▶ [Work to be completed] Below are entries with pictures in them. Output exactly the lines starting at the line with "In the play" and ending at the line with "我们之前在C语言的结构体部分介绍过内存对齐的这一规则,链接如下——", both included, but not the pictures.

Records from a dataset
========

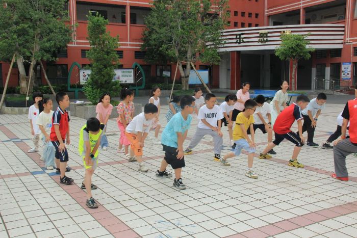 圖為志愿者在體育課上帶領孩子們熱身,為體育運動做準備。多彩大學生網通訊員黃夢婷攝
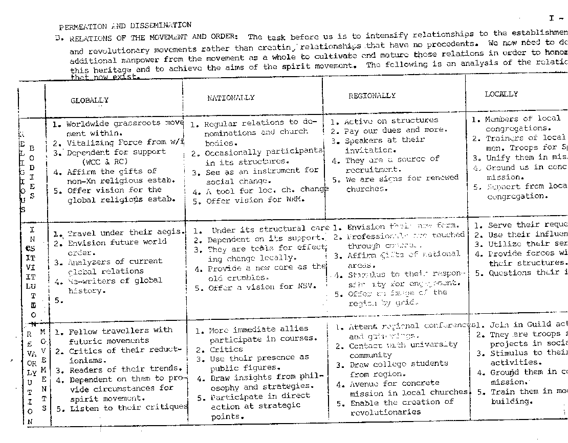 PROCESS | The vision of the Spirit Movement sees the Historical Church as the key symbolic institution that celebrates the drama of man's living his life as it is. The Church pushes man up against the mystery of his participation in all cultures. Further, man is seen as both creating and living out of his images. Therefore, the Vision sees the Church both as the inventor and the purveyor of these images. The contradiction within the Church has been its isolation from the real concerns and needs of the community. The demand upon the historical Church is to move from its protected position to one of exposure and engagement with the world. The primary image as "protector of social mores" must be changed to "creator of new human values". This new cosmopolitan image will embody the transformation from narrow parochialism to world citizen dealing `with all basic issues. The vision of the church as the key symbolic institution will be realized through the Signal project of reformulation ecclesiastical structures in three types of denominations Roman Catholic, United Church of Christ, and United Methodist. In order to actualize the global cultus, every local congregation cadre will enable its congregation to develop an ecumenical office. To insure the role of image creator, all ecumenical structures from local councils of churches to national and world bodies will be permeated in order to maintain their diversity within unity. In order to catalyze the global church, "Ur Heritage' courses will be developed for the six Ur areas and conducted in the international program. The process of permeation begins with the decision that it is the total Spirit Movement which will initiate and take responsibility for this direction. Consultations with experts provide a twoway communication so that Spirit Movement insights can be used ir7 institutions from the local through global level whole new insights are fed back into Movement structures. The impacting of structures so that they will be enabled to perform their functions will be done through strategic deployment of Movement resources. Sustenance within permeated structures will be empowered through accountability to the continual demand to be comprehensive and futuric in executing responsibilities. |
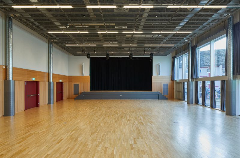 Die Mehrzweckhalle aus den 1960er-Jahren wurde umfassend modernisiert. Bestehende Strukturen wurden sorgfältig analysiert, neu geordnet und gezielt ergänzt. Die innere Organisation wurde klarer gefasst, barrierefreie Erschließungen integriert und die haustechnischen Anlagen vollständig erneuert. Neue Fassadenelemente und Fenster verbessern die energetische Qualität des Gebäudes, ohne seinen ursprünglichen Ausdruck zu verlieren.
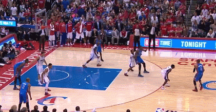 In the play below, Westbrook takes too long to give KD the ball after the Durant screen. Instead, by the time Russ goes through the legs and flips the ball to Durant, Jamal Crawford has already rotated to help on Durant. Paul also recovers back to Durant, and the resulting double-team leads to an awkward off balance shot:
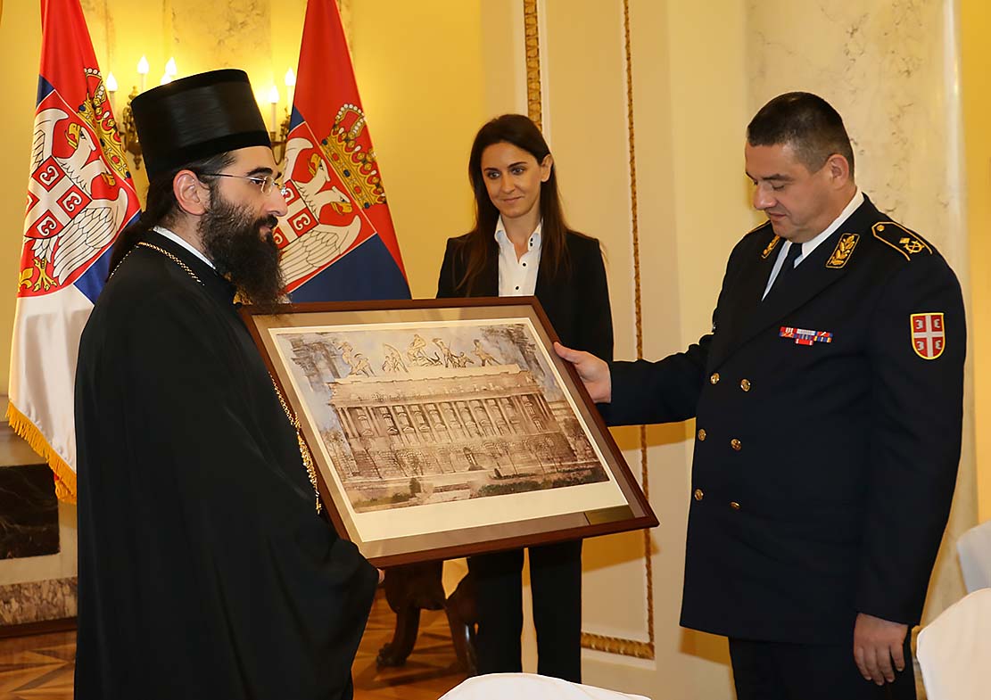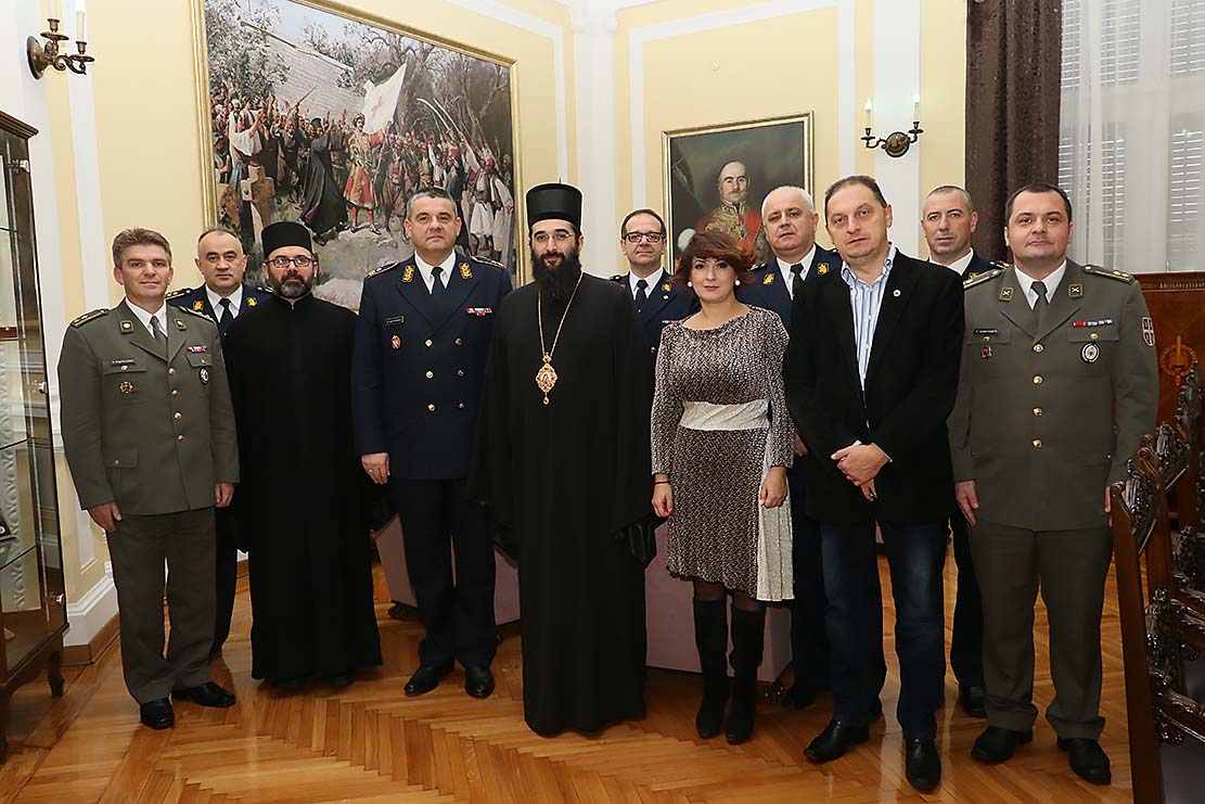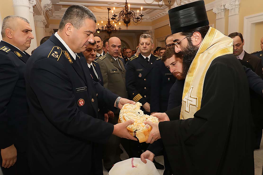 У име Његове Светости Патријарха српског г. Иринеја, који је због посете Православној Цркви на Кипру био спречен да увелича славску свечаност, Његово Преосвештенство Епископ топлички г. Арсеније, викар Патријарха српског, преломио је славски колач са директором Војнобезбедносне агенције бригадним генералом Петром Цветковићем и сарадницима.
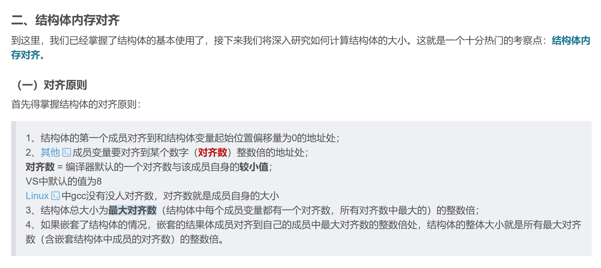 我们之前在C语言的结构体部分介绍过内存对齐的这一规则,链接如下——
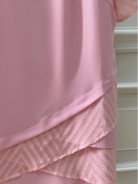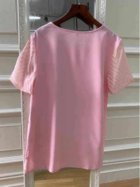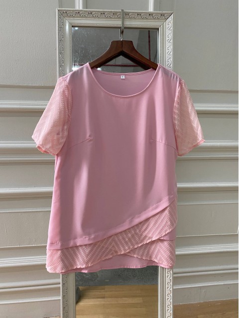 Home  /  Tops  /  Blouses  /  Pink Cross Hem Short Sleeve Round Neck Blouse
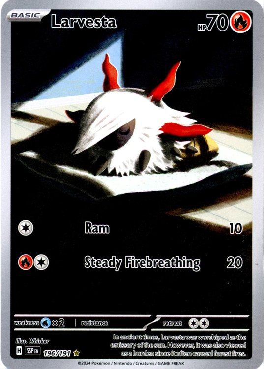 Larvesta er et Illustration Rare | Secret Rare pokemon kort fra SV08 Surging Sparks serien og har nummer 196/191.
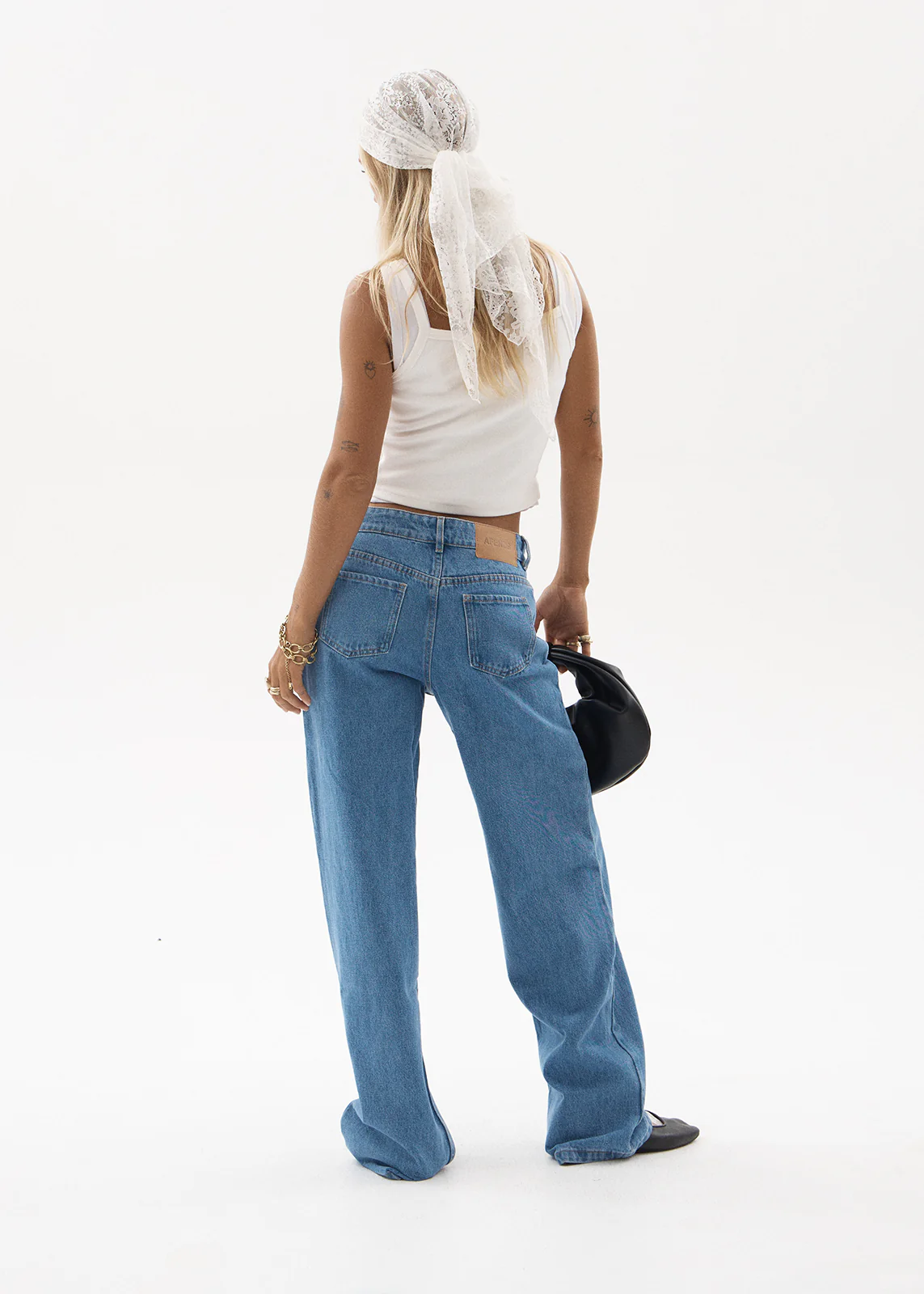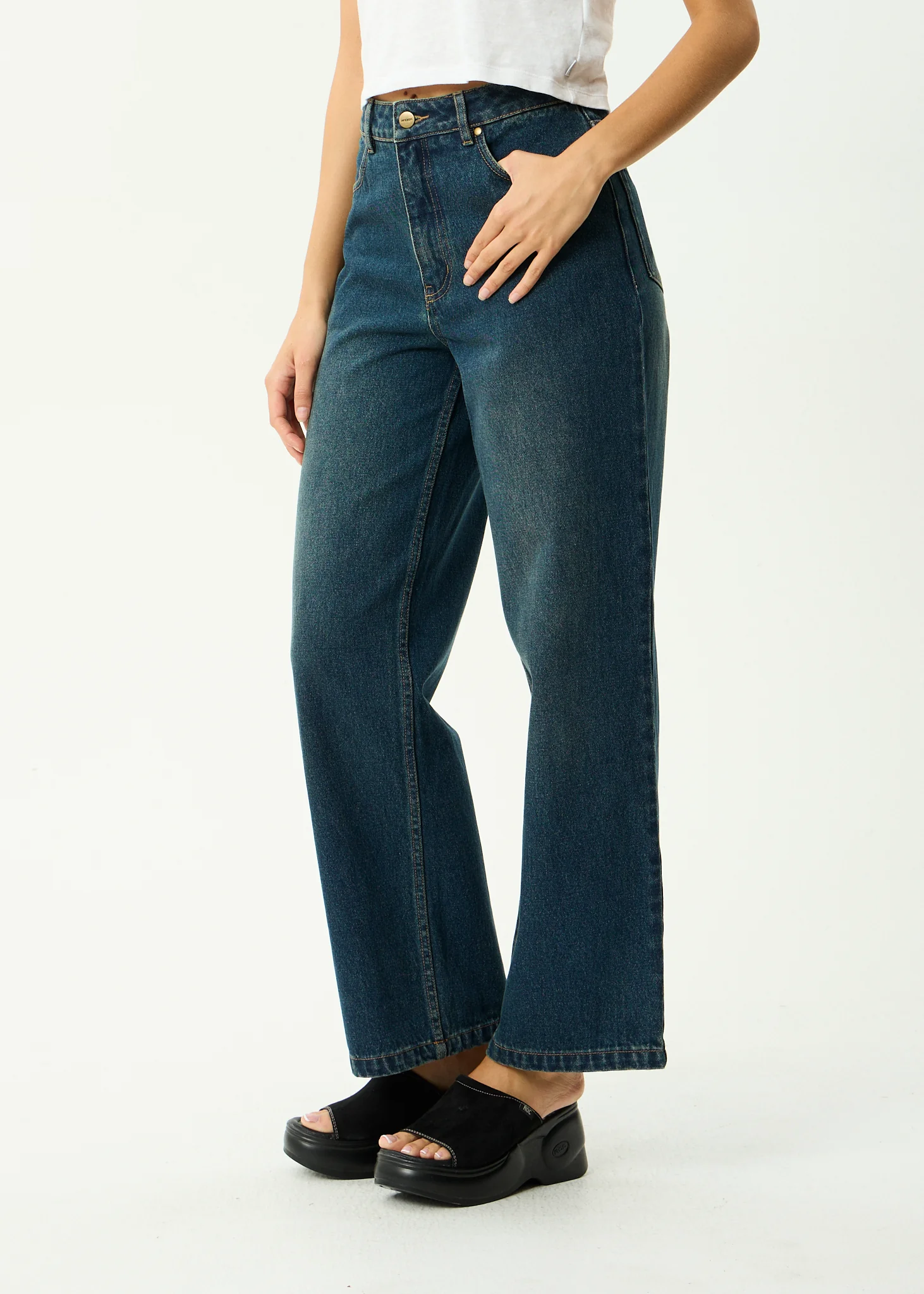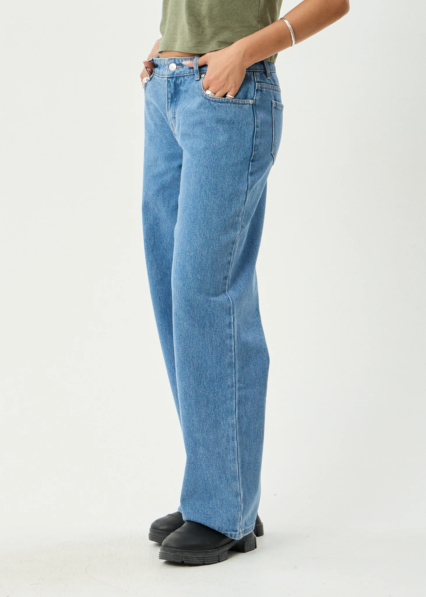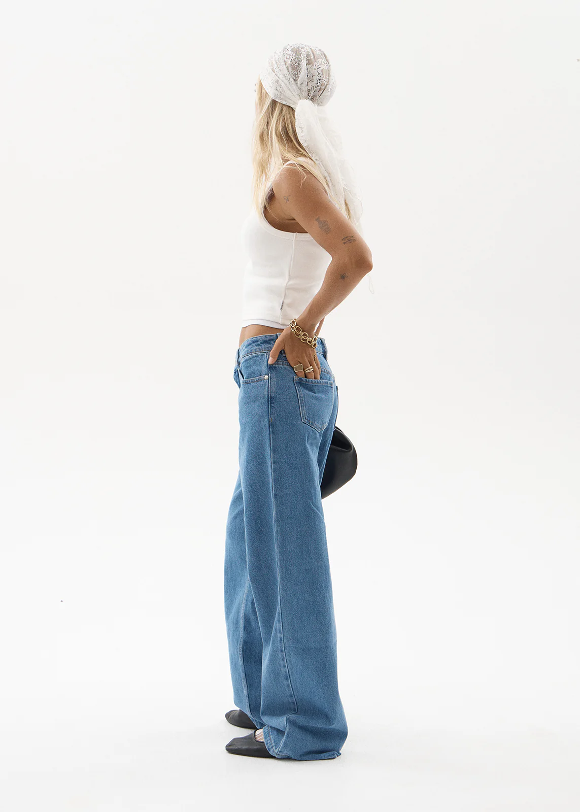 AFENDS Womens Alyra - Low Rise Wide Leg Jean - Authentic Blue

========

▶ [Output]
 In the play below, Westbrook takes too long to give KD the ball after the Durant screen. Instead, by the time Russ goes through the legs and flips the ball to Durant, Jamal Crawford has already rotated to help on Durant. Paul also recovers back to Durant, and the resulting double-team leads to an awkward off balance shot:
 У име Његове Светости Патријарха српског г. Иринеја, који је због посете Православној Цркви на Кипру био спречен да увелича славску свечаност, Његово Преосвештенство Епископ топлички г. Арсеније, викар Патријарха српског, преломио је славски колач са директором Војнобезбедносне агенције бригадним генералом Петром Цветковићем и сарадницима.
 我们之前在C语言的结构体部分介绍过内存对齐的这一规则,链接如下——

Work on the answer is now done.